• **Available records**:
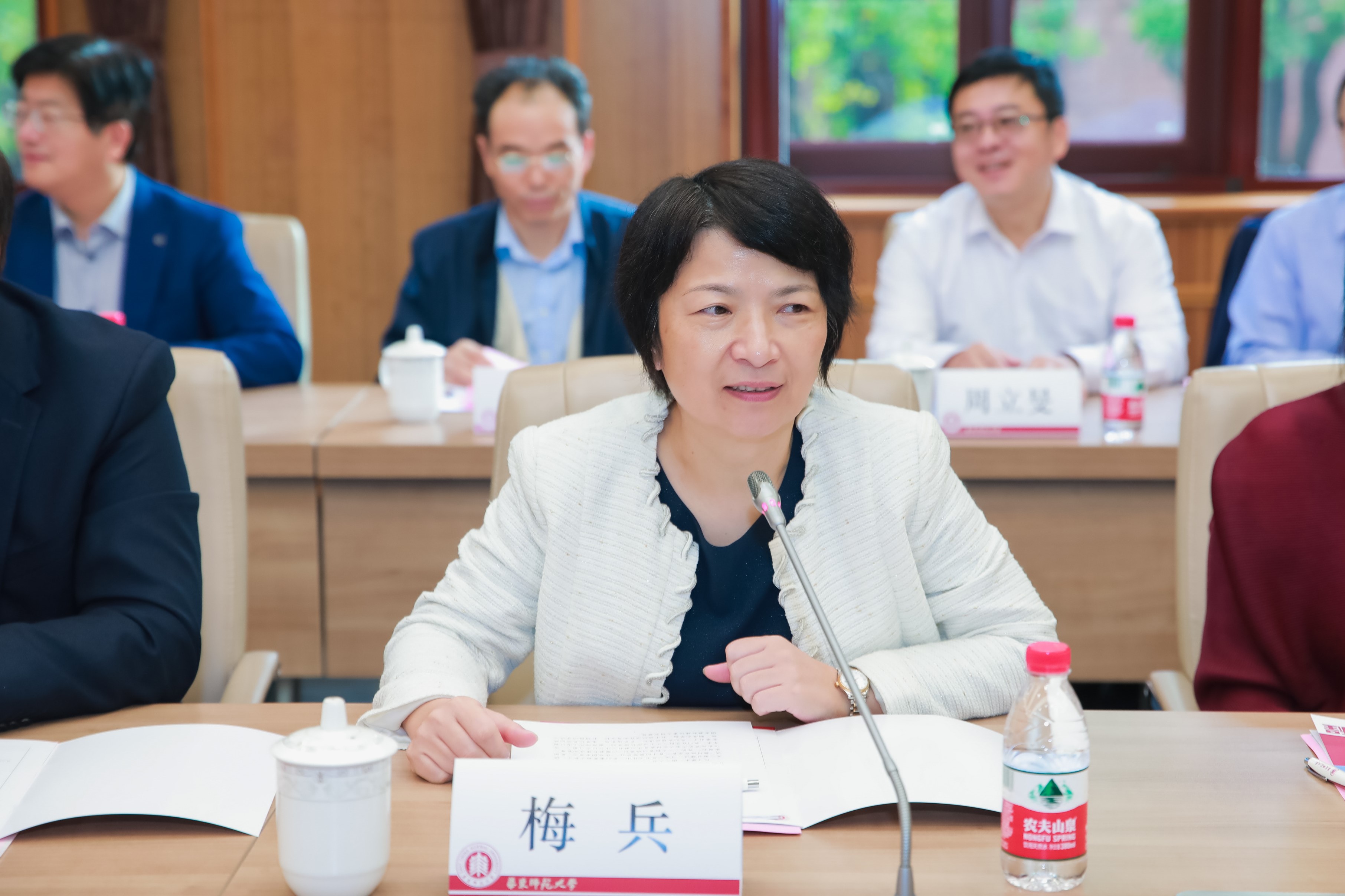 梅兵在致辞中,感谢教育部教材局、上海市教委的信任和支持。党的十八大以来,党中央高度重视和关心教材建设,华东师大在教材建设方面有着良好的传统和基础,于2019年成立了教材研究院,力求统筹相关资源力量,合力推进教材建设、管理和研究等工作。她表示,华东师大地理教育学科一直是国家地理课程教材建设与研究的重要力量,人才辈出,学校将全力支持地理基地的建设工作,以国家重大战略需求为牵引,在教材建设研究、教材数据、咨询服务、成果交流、人才队伍建设等方面系统谋划、扎实推进,提升教材建设科学化专业化水平、支撑高水平人才自主培养和拔尖创新人才培养、服务教育强国建设。
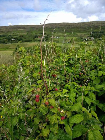 Now heading into late summer, there is a feel of harvest in the field with grass seed heads dominating the undergrowth. Just now is raspberry season - I have more berries than I have time to pick which is great! These ones pictured are supposed to be primocane - fruiting on this season's canes in autumn. This is too late for them to ripen here; they set in November and never have any flavour, although the birds still eat them! I never prune them however, and they fruit again on the same canes quite early in the summer season. I've got a couple of varieties which I think I will propagate in a few more places in the field - I think a bit more shelter will benefit them.
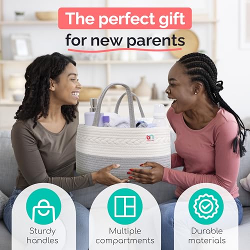 Babynma Rope Diaper Caddy in gray is a spacious and portable organizer for baby and toddler items. This extra-large cotton caddy easily holds diapers, wipes, clothing, and more, making it a practical storage solution for nurseries and bedrooms.
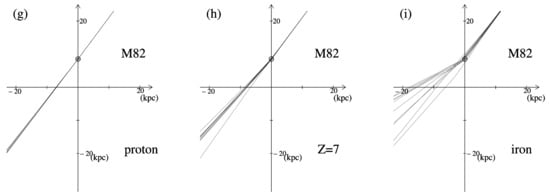Figure 6. Despite this, however, the deviations of the particle trajectories, if they were iron nuclei, are very large in all field models considered.
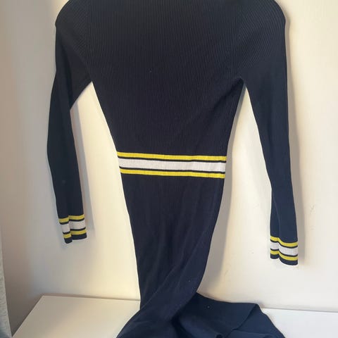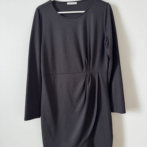 Musta mekko erittäin hyvässä kunnossa, kainalo-kainalo 55cm, epäsymmetrinen pyöreästi loivasti ylöspäin leikattu helma edessä, takapituus niska helma 117cm, eripituisia kaula-aukon alareuna-helma 90cm. Edessä rinnan kohdalla laskos, joka tekee mekosta loivasti A-linjakseni. Materiaalilappu puuttuu, tn puuvillasekoitr.
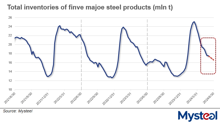 "The slowdown in the destocking of steel inventories will be considered by many market participants as bearish for the industry, which will exert heavier pressure on steel prices," Wang added.
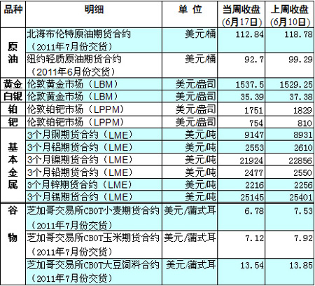 國際大宗商品期貨價格明細表[2011-06-20]
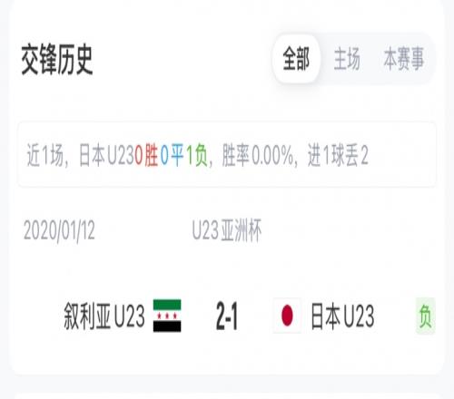 这是日本U23与叙利亚U23在本届U23亚洲杯的首场比赛。在2020年的U23亚洲杯中,双方曾有过一次交手,叙利亚U23以2-1战胜日本U23。
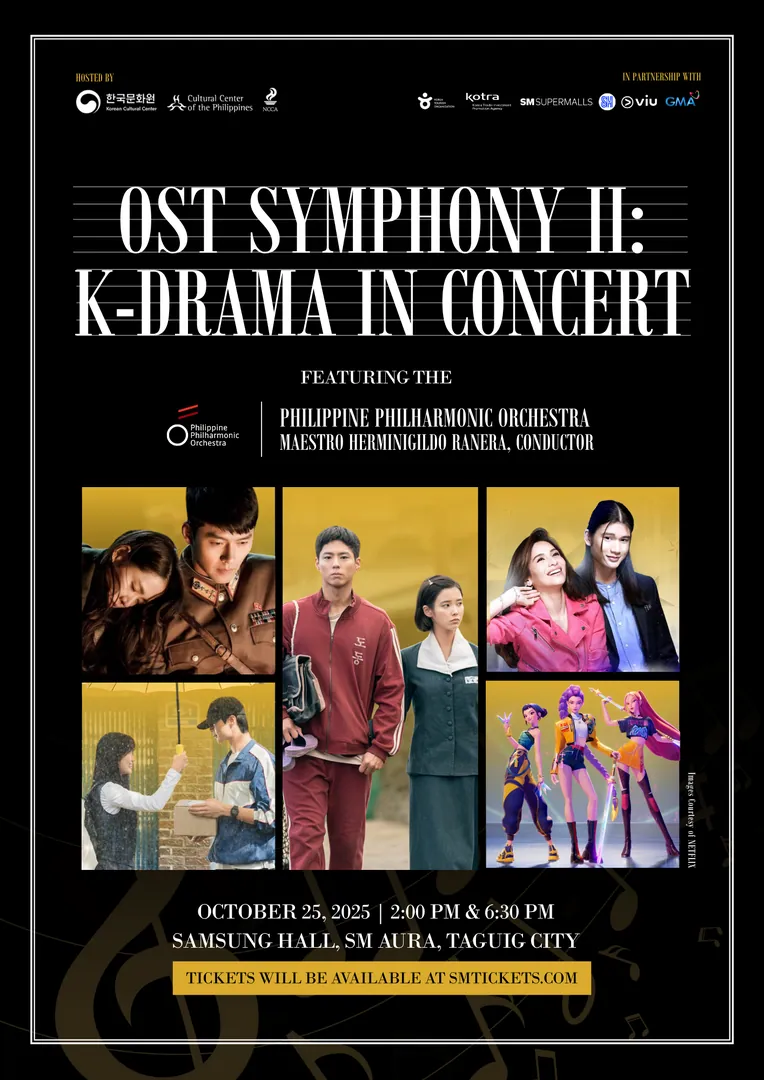 The timeless emotion of Korean drama comes alive once more as the Cultural Center of the Philippines (CCP), the Korean Cultural Center in the Philippines (KCC), and the National Commission for Culture and the Arts (NCCA) present OST Symphony II: K-Drama in Concert on 25 October at Samsung Hall, SM Aura, Taguig City — with performances at 2 PM and 6.30 PM.
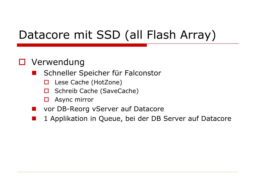Datacore mit SSD (all Flash Array) • Verwendung • Schneller Speicher für Falconstor • Lese Cache (HotZone) • Schreib Cache (SaveCache) • Asyncmirror • vor DB-Reorg vServer auf Datacore • 1 Applikation in Queue, bei der DB Server auf Datacore
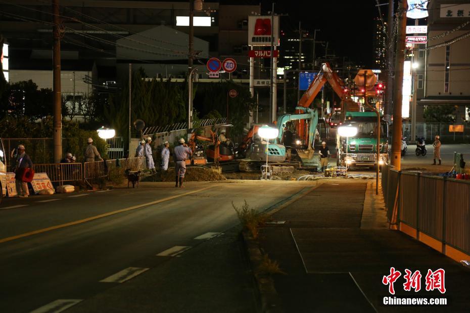 6月18日,日本大阪府發(fā)生6.1級(jí)地震。圖為位于震源附近的高槻市一處路面出現(xiàn)凹陷,相關(guān)部門(mén)正連夜進(jìn)行搶修。中新社記者 呂少威 攝

• **Task to complete**: Copy every line of the data exactly as written, excluding the pictures.

• **Answer to this problem**:
 梅兵在致辞中,感谢教育部教材局、上海市教委的信任和支持。党的十八大以来,党中央高度重视和关心教材建设,华东师大在教材建设方面有着良好的传统和基础,于2019年成立了教材研究院,力求统筹相关资源力量,合力推进教材建设、管理和研究等工作。她表示,华东师大地理教育学科一直是国家地理课程教材建设与研究的重要力量,人才辈出,学校将全力支持地理基地的建设工作,以国家重大战略需求为牵引,在教材建设研究、教材数据、咨询服务、成果交流、人才队伍建设等方面系统谋划、扎实推进,提升教材建设科学化专业化水平、支撑高水平人才自主培养和拔尖创新人才培养、服务教育强国建设。
 Now heading into late summer, there is a feel of harvest in the field with grass seed heads dominating the undergrowth. Just now is raspberry season - I have more berries than I have time to pick which is great! These ones pictured are supposed to be primocane - fruiting on this season's canes in autumn. This is too late for them to ripen here; they set in November and never have any flavour, although the birds still eat them! I never prune them however, and they fruit again on the same canes quite early in the summer season. I've got a couple of varieties which I think I will propagate in a few more places in the field - I think a bit more shelter will benefit them.
 Babynma Rope Diaper Caddy in gray is a spacious and portable organizer for baby and toddler items. This extra-large cotton caddy easily holds diapers, wipes, clothing, and more, making it a practical storage solution for nurseries and bedrooms.
Figure 6. Despite this, however, the deviations of the particle trajectories, if they were iron nuclei, are very large in all field models considered.
 Musta mekko erittäin hyvässä kunnossa, kainalo-kainalo 55cm, epäsymmetrinen pyöreästi loivasti ylöspäin leikattu helma edessä, takapituus niska helma 117cm, eripituisia kaula-aukon alareuna-helma 90cm. Edessä rinnan kohdalla laskos, joka tekee mekosta loivasti A-linjakseni. Materiaalilappu puuttuu, tn puuvillasekoitr.
 "The slowdown in the destocking of steel inventories will be considered by many market participants as bearish for the industry, which will exert heavier pressure on steel prices," Wang added.
 國際大宗商品期貨價格明細表[2011-06-20]
 这是日本U23与叙利亚U23在本届U23亚洲杯的首场比赛。在2020年的U23亚洲杯中,双方曾有过一次交手,叙利亚U23以2-1战胜日本U23。
 The timeless emotion of Korean drama comes alive once more as the Cultural Center of the Philippines (CCP), the Korean Cultural Center in the Philippines (KCC), and the National Commission for Culture and the Arts (NCCA) present OST Symphony II: K-Drama in Concert on 25 October at Samsung Hall, SM Aura, Taguig City — with performances at 2 PM and 6.30 PM.
Datacore mit SSD (all Flash Array) • Verwendung • Schneller Speicher für Falconstor • Lese Cache (HotZone) • Schreib Cache (SaveCache) • Asyncmirror • vor DB-Reorg vServer auf Datacore • 1 Applikation in Queue, bei der DB Server auf Datacore
 6月18日,日本大阪府發(fā)生6.1級(jí)地震。圖為位于震源附近的高槻市一處路面出現(xiàn)凹陷,相關(guān)部門(mén)正連夜進(jìn)行搶修。中新社記者 呂少威 攝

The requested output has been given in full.